Tuesday, May 31, 2011

Jumping up and down on the fantasy bandwagon

In the Wall Street Journal, Alexandra Alter says that literary authors are "jump[ing] on the fantasy bandwagon" this summer. All manner of highbrows are now writing about werewolves, zombies, ghosts, and robots, and evidently raking in the cash. Some of us have in fact been riding this very bandwagon for years, hopping up and down and waving our arms; but if this "new" trend means that novels about domed cities, crackpot marketing schemes, the Apocalypse, Bigfoot, and kind-of-magical babies are now hip--and lucrative--then I am all for it. Have I mentioned that my novel is about a domed city, a crackpot marketing scheme, the Apocalypse, Bigfoot, and a kind-of-magical baby? And celebrities? OK, just checking.

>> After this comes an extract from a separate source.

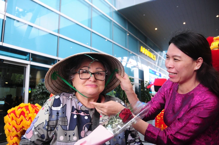 Các vị khách đầu tiên xuống Đà Nẵng được chào đón chiều 16-4 - Ảnh: B.D.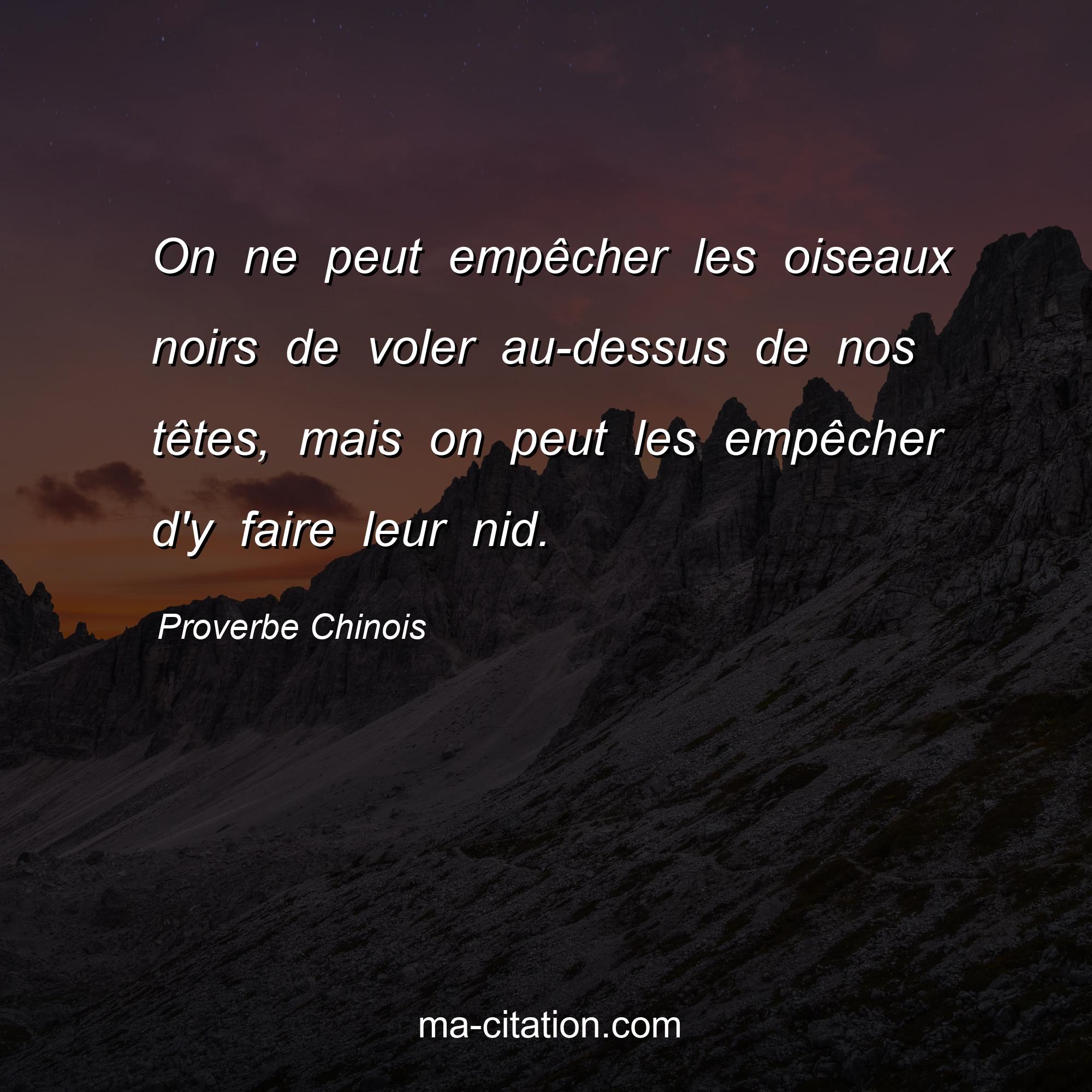Proverbe Chinois sur la vie :On ne peut empêcher les oiseaux noirs de voler au-dessus de nos têtes, mais on peut les empêcher d'y faire leur nid.

Apart from yapping after the accelerating Audi of mainstream success, I suspect these literary authors are also taking post-post modernism in another, logical direction. Those who are congenitally suspicious of "realism" may be getting tired of self-consciously playing around with figurative language--with clouding the lens, as it were. (Though not me, God knows.) Entering the imagined worlds normally reserved for science fiction and fantasy is another way of saying, "What do you mean, 'represent reality'? No, really, what do you mean?" Probably more readers will enjoy this second way of asking the question.